BEGIN Supplied material

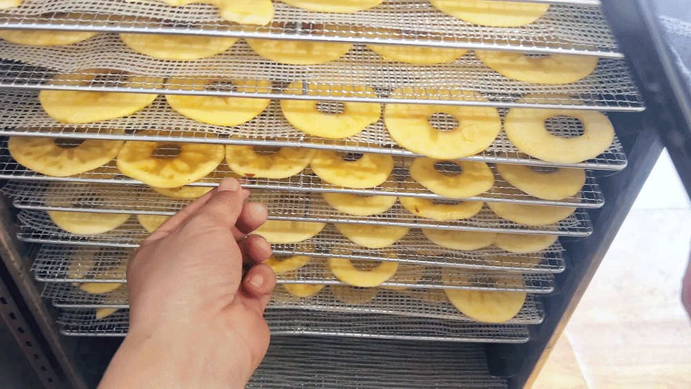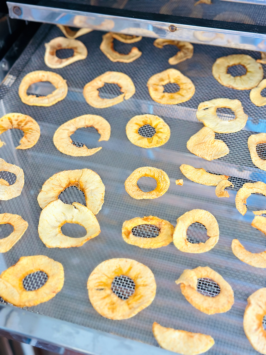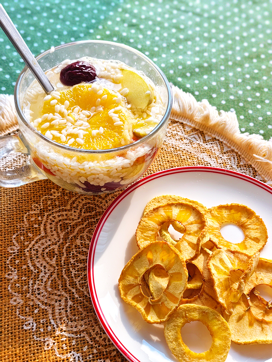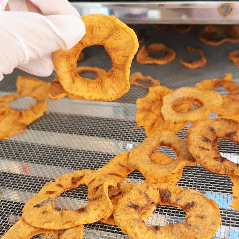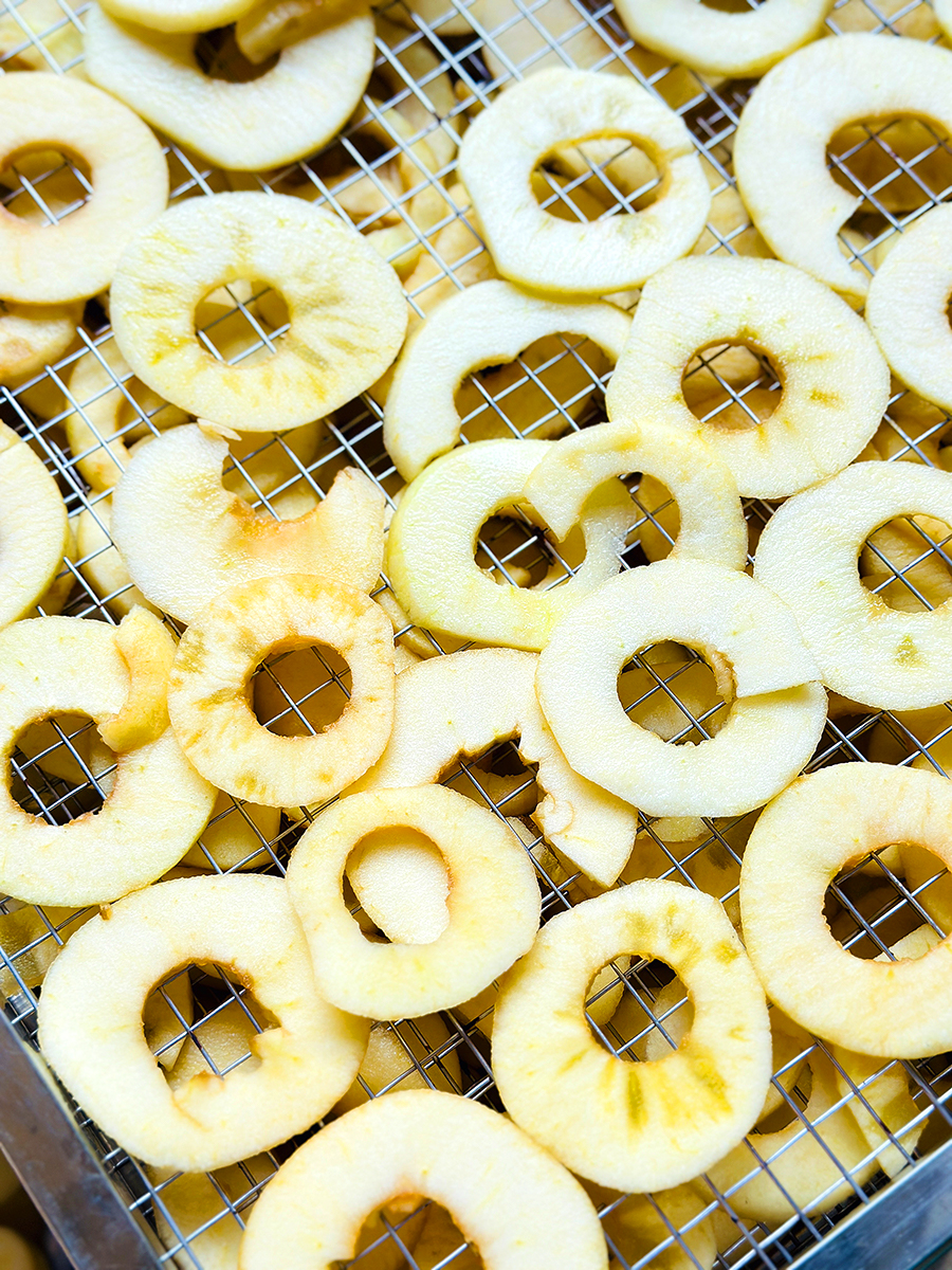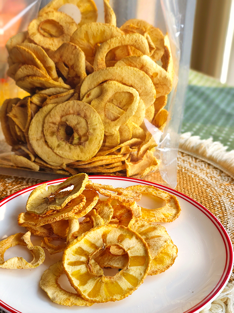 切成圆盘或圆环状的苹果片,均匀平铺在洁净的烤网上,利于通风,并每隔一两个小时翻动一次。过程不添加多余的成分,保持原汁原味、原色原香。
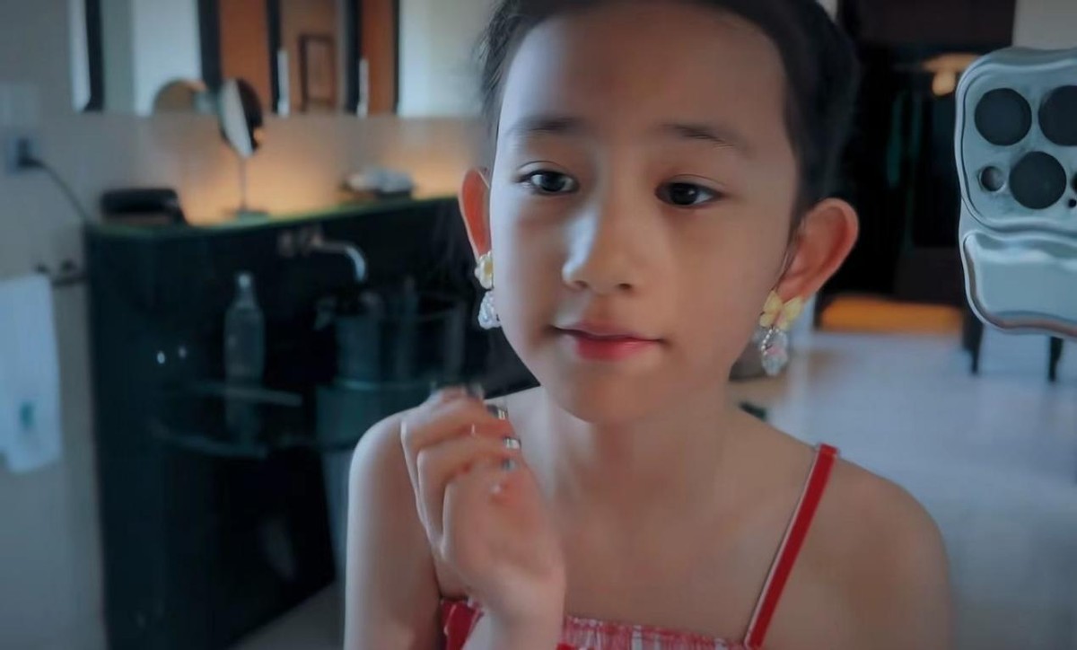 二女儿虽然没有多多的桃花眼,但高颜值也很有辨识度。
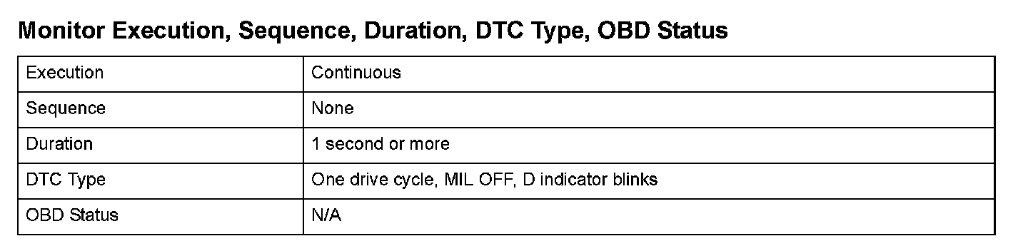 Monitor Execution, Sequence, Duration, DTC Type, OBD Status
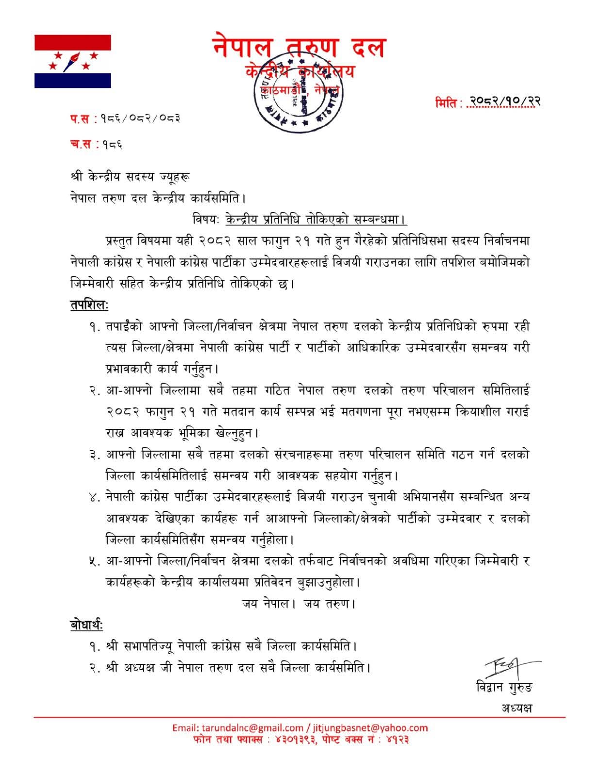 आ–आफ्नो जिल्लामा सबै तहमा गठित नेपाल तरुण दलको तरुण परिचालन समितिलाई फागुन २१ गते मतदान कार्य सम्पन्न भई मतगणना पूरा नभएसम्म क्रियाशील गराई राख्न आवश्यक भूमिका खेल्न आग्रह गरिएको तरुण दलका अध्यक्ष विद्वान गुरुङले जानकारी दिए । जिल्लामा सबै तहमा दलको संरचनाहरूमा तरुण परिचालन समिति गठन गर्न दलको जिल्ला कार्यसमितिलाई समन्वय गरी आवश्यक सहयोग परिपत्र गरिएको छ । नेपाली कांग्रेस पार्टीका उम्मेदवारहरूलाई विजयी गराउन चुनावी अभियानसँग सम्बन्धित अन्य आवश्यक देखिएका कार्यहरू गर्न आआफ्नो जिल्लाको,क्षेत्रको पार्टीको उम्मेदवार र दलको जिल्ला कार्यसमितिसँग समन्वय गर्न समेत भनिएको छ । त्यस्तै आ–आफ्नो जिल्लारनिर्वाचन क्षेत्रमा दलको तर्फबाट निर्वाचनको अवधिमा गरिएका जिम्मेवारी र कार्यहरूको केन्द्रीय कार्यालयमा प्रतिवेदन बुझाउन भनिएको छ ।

END Supplied material

About this exercise >>
Your copy should match the material above exactly, minus its pictures.

Response to this exercise >>
 切成圆盘或圆环状的苹果片,均匀平铺在洁净的烤网上,利于通风,并每隔一两个小时翻动一次。过程不添加多余的成分,保持原汁原味、原色原香。
 二女儿虽然没有多多的桃花眼,但高颜值也很有辨识度。
 Monitor Execution, Sequence, Duration, DTC Type, OBD Status
 आ–आफ्नो जिल्लामा सबै तहमा गठित नेपाल तरुण दलको तरुण परिचालन समितिलाई फागुन २१ गते मतदान कार्य सम्पन्न भई मतगणना पूरा नभएसम्म क्रियाशील गराई राख्न आवश्यक भूमिका खेल्न आग्रह गरिएको तरुण दलका अध्यक्ष विद्वान गुरुङले जानकारी दिए । जिल्लामा सबै तहमा दलको संरचनाहरूमा तरुण परिचालन समिति गठन गर्न दलको जिल्ला कार्यसमितिलाई समन्वय गरी आवश्यक सहयोग परिपत्र गरिएको छ । नेपाली कांग्रेस पार्टीका उम्मेदवारहरूलाई विजयी गराउन चुनावी अभियानसँग सम्बन्धित अन्य आवश्यक देखिएका कार्यहरू गर्न आआफ्नो जिल्लाको,क्षेत्रको पार्टीको उम्मेदवार र दलको जिल्ला कार्यसमितिसँग समन्वय गर्न समेत भनिएको छ । त्यस्तै आ–आफ्नो जिल्लारनिर्वाचन क्षेत्रमा दलको तर्फबाट निर्वाचनको अवधिमा गरिएका जिम्मेवारी र कार्यहरूको केन्द्रीय कार्यालयमा प्रतिवेदन बुझाउन भनिएको छ ।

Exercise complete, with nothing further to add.